The members of the Supervisory Board are elected for a period of five years and may be re-elected for a maximum of two full terms of office.
The Supervisory Board appoints and dismisses the members of the Management Board and advises and oversees the Management Board in the management of the Company. The Management Board and the Supervisory Board maintain an open dialogue which is treated with confidentiality by both parties. The Supervisory Board, in particular the Chairman of the Supervisory Board, exchanges information with the Management Board on a regular basis. In numerous conference calls as needed, the Management Board continuously informed the Supervisory Board of the Company’s operational business and further current issues such as strategy, planning, risk management, and compliance management systems, providing in-depth analyses both orally and in writing.

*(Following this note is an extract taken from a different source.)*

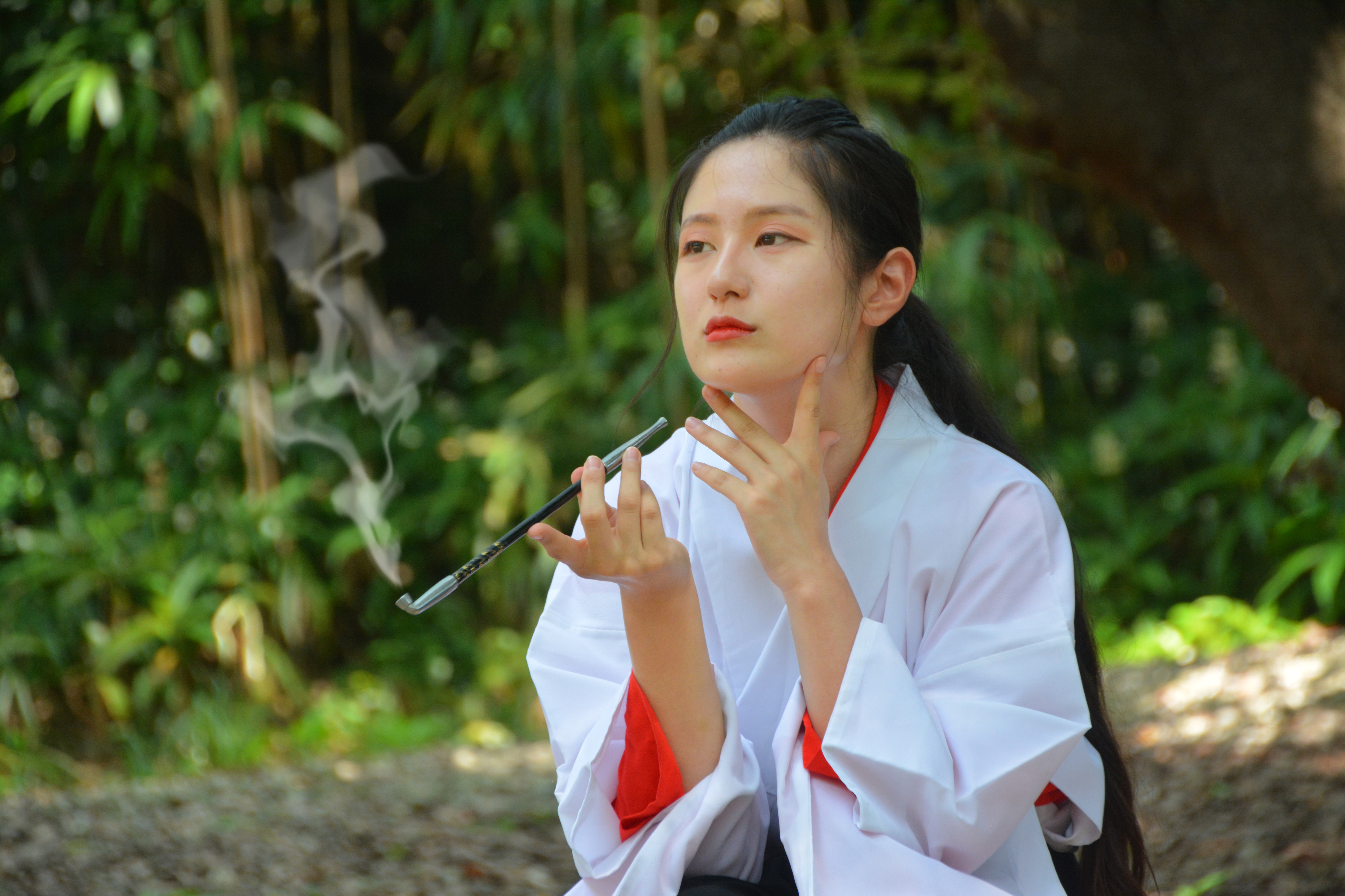 きせる・女侍・武士・戦闘・戦い・バトル・江戸時代・時代劇・凛とした・キセルタバコ・キセル煙草(たばこ)・休憩・休息・一休み
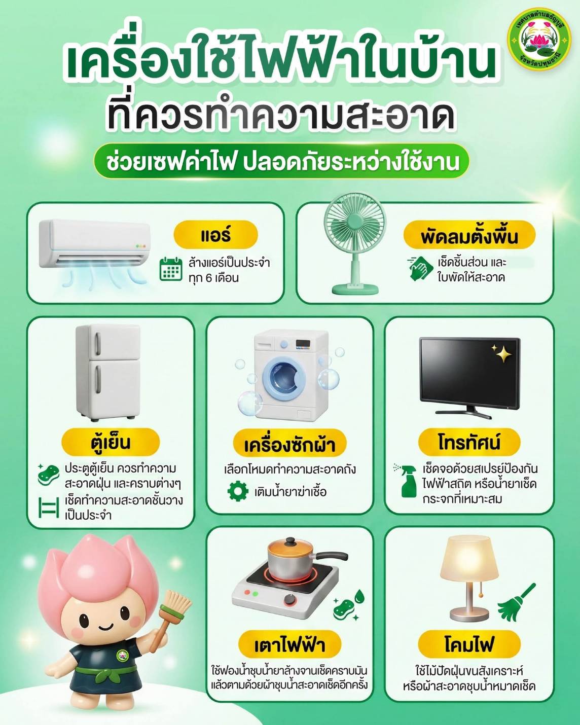#ทำความสะอาดเครื่องใช้ไฟฟ้า #ประหยัดไฟในบ้าน #บ้านปลอดภัย #ไฟฟ้าใช้อย่างรู้ค่า #เทศบาลตำบลธัญบุรี #ธัญบุรีเมืองน่าอยู่

Pursuant to Recommendation D.7 of the Code, the Supervisory Board held regular board meetings also without the attendance of the Management Board.
More information about the Supervisory Board can be found in the Declaration of Corporate Management as well as in the Supervisory Board Report. Please find the respective documents for Download below.

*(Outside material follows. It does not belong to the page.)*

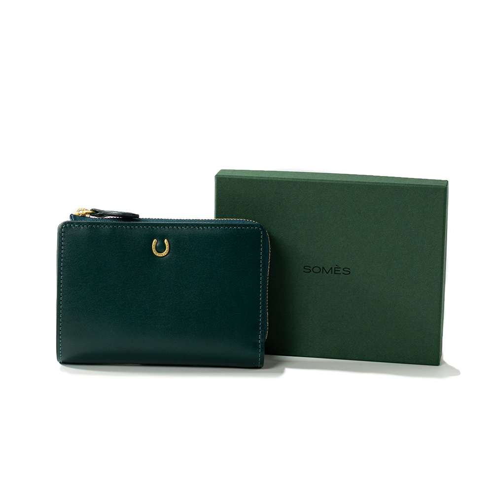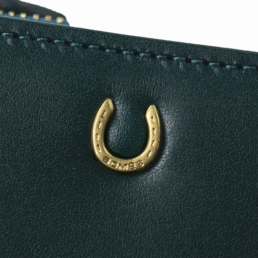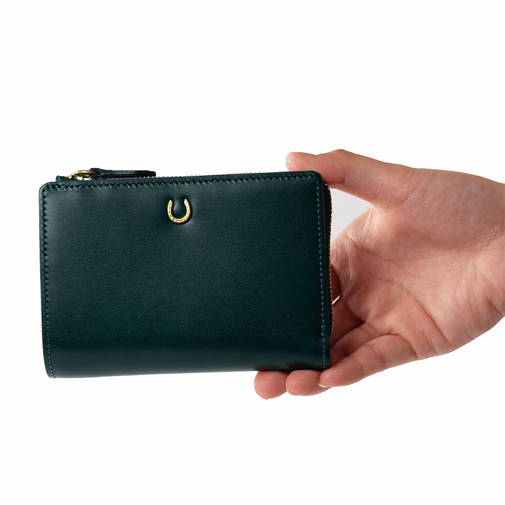 艶めくヌメ革に、幸運のモチーフ蹄鉄を添えた「ピルエット」シリーズのLF折財布。
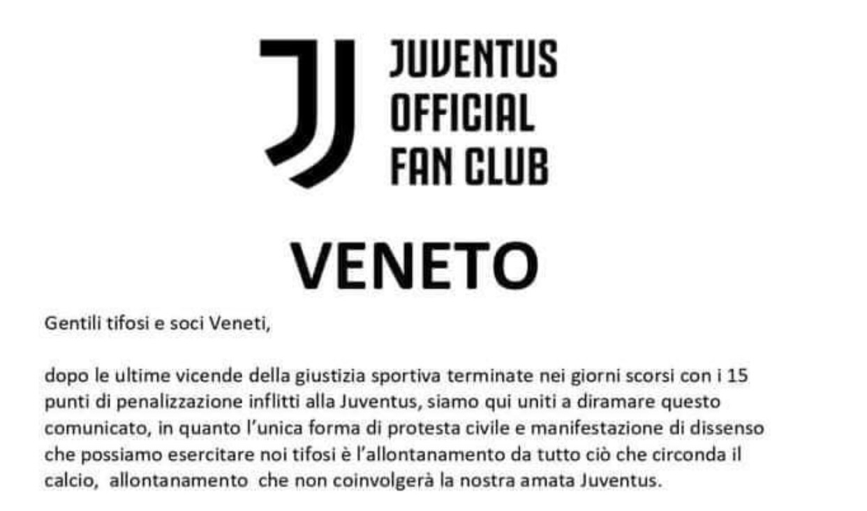 “Gentili tifosi e soci Veneti,

Supervisory Board meetings
The articles of association provide that resolutions by the Supervisory Board shall typically be passed in meetings. However, in individual cases and upon the Chairman’s instruction, resolutions can be passed and meetings held by written notice, by telephone, by telex, by fax or by other means of telecommunication. The articles of association further provide that more than half of the members of the Supervisory Board must participate in voting on a resolution, either in person or in writing or in another permissible form, to constitute a quorum. If such a quorum is not met, a new meeting shall be called with a notice period of two weeks, in which case three present board members constitute a quorum. Absent members may participate in a resolution by delivering a written vote to the Supervisory Board. Resolutions of the Supervisory Board are passed by a simple majority of the votes cast.

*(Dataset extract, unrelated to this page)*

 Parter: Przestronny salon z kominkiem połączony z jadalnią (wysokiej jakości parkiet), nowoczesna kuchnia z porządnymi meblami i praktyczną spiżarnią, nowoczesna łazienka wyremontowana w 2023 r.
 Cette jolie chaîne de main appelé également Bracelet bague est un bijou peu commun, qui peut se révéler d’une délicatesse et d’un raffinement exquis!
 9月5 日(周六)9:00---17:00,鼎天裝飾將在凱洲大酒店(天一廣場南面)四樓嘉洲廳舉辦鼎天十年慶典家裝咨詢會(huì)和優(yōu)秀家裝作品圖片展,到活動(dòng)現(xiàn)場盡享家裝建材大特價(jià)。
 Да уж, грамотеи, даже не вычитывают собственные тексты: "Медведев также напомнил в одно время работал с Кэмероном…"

The Supervisory Board has its own internal rules of procedure. Please find below the Rules of Procedure of the Supervisory Board for Download.
The activities of the Supervisory Board comply with the Corporate Governance Code
A significant proportion of the Supervisory Board’s work is conducted in committees. From among its members, Evotec’s Supervisory Board has established, pursuant to the German Stock Corporation Act and the recommendations of the Code, an Audit and Compliance Committee, a Remuneration and Nomination Committee as well as an ESG committee. Members of all committees are appointed in accordance with the Code.
Evotec’s Audit and Compliance Committee, comprising three members, supports the Supervisory Board in independently overseeing the Company’s financial reporting activities and in auditing reports. In particular, the Audit and Compliance Committee scrutinises the Company’s accounting processes, the effectiveness of the internal control systems, and the audit. In this context, it discusses the quarterly and half-year reports as well as the risk management and compliance management systems with the Management Board. Within the scope of the audit of the financial statements commissioned by the Supervisory Board, the Audit and Compliance Committee also discusses certain steps and procedures of the audit with the appointed auditing firm, including the auditors’ independence, the additional services rendered by the auditor, the issuing of the audit mandate to the auditing firm, the determination of auditing focal points, the fee agreement and compliance issues. The members of the Audit Committee possess the required skills and experience. As Chief Financial Officer, Roland Sackers is not only independent but also has the required specialist knowledge and experience in the application of accounting principles and internal control processes. Neither the Chairman of the Supervisory Board nor a former member of the Management Board may become Chairman of the Audit Committee. The Audit and Compliance Committee meets at least four times per year.
Please find below the Audit Committee’s charter for Download.
The main duties and responsibilities of the Company’s Remuneration and Nomination Committee are to prepare the appointment of Management Board members and to prepare their remuneration system and Share Performance Plan. Decisions in this context are made by the full Supervisory Board.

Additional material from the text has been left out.